Refinement of AutScore weighting
To reduce the subjectivity of weights assigned to the different tools used by AutScore, we fitted a generalized linear model to these data with the different AutScore modules (i.e. I, P, D, S, G, C, H) being used as predictors and the clinical genetic ranking as the outcome (likely = 1 and possibly or unlikely = 0). For further clarity, we call this revised version of AutScore as “AutScore.r” throughout the manuscript. Details about the probabilistic weights (beta coefficients) and other statistics (standard error, p-value) that were used to develop AutScore.r can be found in Supplementary Table S1.
Statistical analysis
We used a Receiver Operating Characteristic (ROC) analysis to assess the performance of both AutScore versions in detecting ASD candidate variants using the clinical experts’ rankings as the reference. We then used Yuden J’s statistics40 to identify the optimal cutoff in each AutScore version. Then, we used this cutoff to compute the sensitivity, specificity, positive predictive value (PPV), negative predictive value (NPV), and accuracy for the two AutScore versions in comparison to the clinical experts’ ranking. The diagnostic yield (%) of each tool was also computed as the proportion of the number of ASD probands that have at least one ASD candidate variant out of the total affected ASD probands that completed their WES analysis. Finally, we compared the performance of the two AutScore versions in detecting ASD candidate variants as well as with the performance of AutoCaSc14, an existing variant prioritization tool for NDDs.
Software
Data storage, management, and analyses were conducted in a high-performing Linux cluster using Python version 3.5 and R version 1.1.456. All statistical analyses and data visualization were performed and incorporated into R.
Results
A total of 1161 variants distributed in 687 genes in 441 ASD probands were evaluated by the AutScore algorithm. Variant’s scores ranged from − 4 to 25, with a mean ± SD of 5.89 ± 4.18 (Fig. 2). The clinical experts examined 201 (17.31%) variants with an AutScore of ≥ 10. Among these, 24 (11.9%) were found to be false positive indels in the visual assessment using the IGV software and thus removed from subsequent analyses. Of the remaining 177 variants, 65 (36.7%) were ranked as ‘likely,’ 51 (28.8%) as ‘possibly,’ and 61 (34.5%) as ‘unlikely’ ASD candidate variants (Supplementary Table S2).

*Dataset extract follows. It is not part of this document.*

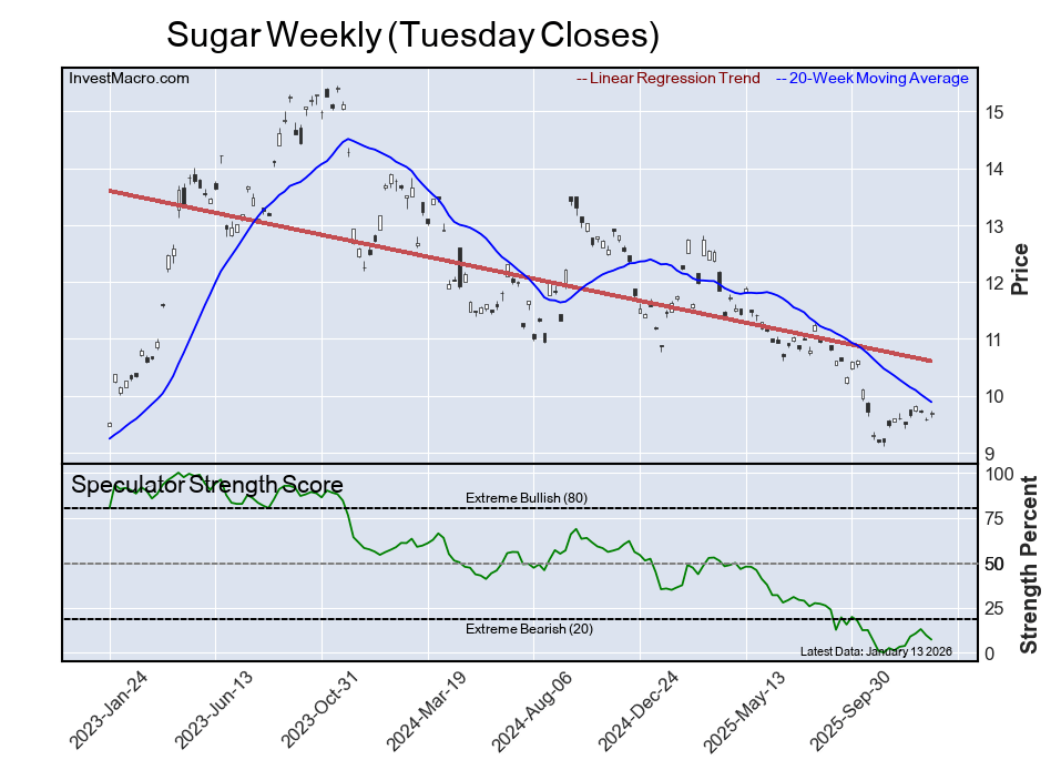 The Sugar speculator position comes in as this week’s fourth most bearish extreme standing with the Sugar speculator level at a 7 percent score of its 3-year range.

Determining an optimal cutoff for AutScore
The ROC analyses of the two AutScore versions are depicted in Fig. 3. The revised version, AutScore.r had a slightly better performance in detecting “likely” ASD variants compared to the original version (AUC = 0.90, 95% CI = 0.84–0.95 vs. AUC = 0.84, 95% CI = 0.78–0.91 respectively). Yuden J’s statistics suggested an optimal AutScore cutoff of ≥ 12 (Yuden J = 0.53) and a cutoff of ≥ 0.335 for AutScore.r (Yuden J = 0.69).
ROC curves of AutScore (Orange line) and AutScore.r (Blue line) in detecting ‘likely’ ASD variants. Both approaches demonstrated good performance in detecting ‘likely’ ASD variants with AutScore.r performing slightly better than AutScore (AUC = 0.90, 95% CI = 0.84–0.95 vs. AUC = 0.84, 95%CI = 0.78–0.91) respectively).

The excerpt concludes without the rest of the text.